Еще не разглядев собравшихся, Герман перехватил взгляд Нечаева: Тата стояла у окна, бледная, сейчас очень похожая на покойного отца. Нехорошо, жестоко было приглашать такое симпатичное и честное существо, подумалось Лопатину. И как странно этот Нечаев смотрит на Тату, подумалось Лопатину, а Нечаев уже смотрел на него. Давешней вопрошающей растерянности и помину не было, но не было и высокомерия, надменности, какими он пытался при Бакунине приструнить и унизить Лопатина, а было… Герман вдруг понял, что значил длинный взгляд Нечаева, устремленный на Тату: как нехорошо, как жестоко со стороны Лопатина приволочить вас на эту очную ставку…

Сидя в креслах, Огарев попыхивал пенковой трубочкой. Бакунин тоже курил, но на круглом столике рядом с ним не было ни гильз, ни табака, и потому его огромные руки, казалось, не знали, что делать.

– Герман Александрович, ваше пребывание в Женеве не секрет нашим соотечественникам, как и причина вашего приезда, – обстоятельно и парламентски вежливо сказал Огарев. – Впрочем, – продолжал он, – вы знаете, решено собраться всей колонией и обсудить всю историю. Сергей Геннадиевич нам не чужой, и мы, не скрою, отнюдь не убеждены… Ну, да вы понимаете. Изложите, пожалуйста, все, что вы имеете против Сергея Геннадиевича.
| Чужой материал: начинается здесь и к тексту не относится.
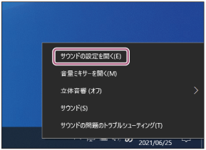 パソコンの画面で、ツールバーのスピーカーアイコンを右クリックして[サウンドの設定を開く]を選ぶ。

Направляясь к Огареву, Герман живо вообразил лес, пруд, грот – он там побывал зимою, а то, что сейчас высказал Огарев, прозвучало так отстраненно, будто Николаю Платоновичу чуждо все человеческое. Лопатин покосился на Тату. Его взгляд не ускользнул от Бакунина, и Бакунин не без раздражения пригласил Лопатина обойтись без риторики.

– Хорошо, – сказал Лопатин. – Постараюсь. – Он услышал свой спокойный голос и был удовлетворен. – Так вот, господа, вам, и не только вам, а многим и в эмиграции, и у нас, в России, известен побег Нечаева из Петропавловской крепости. В разгар студенческих волнений. Позвольте вопрос: в какую куртину вас доставили, Сергей Геннадиевич? Или вы находились в равелине?

– Нет, в куртине, – небрежно ответил Нечаев, скрестив руки. – А в какую именно, представьте, не знаю: дело было ночью.

– А утром вам принесли завтрак?

– Бурду.

– Это не совсем так, не хуже, чем в студенческой кухмистерской, – поправил Лопатин. – Но я о другом: завтрак-то подали в оловянной миске – и на миске?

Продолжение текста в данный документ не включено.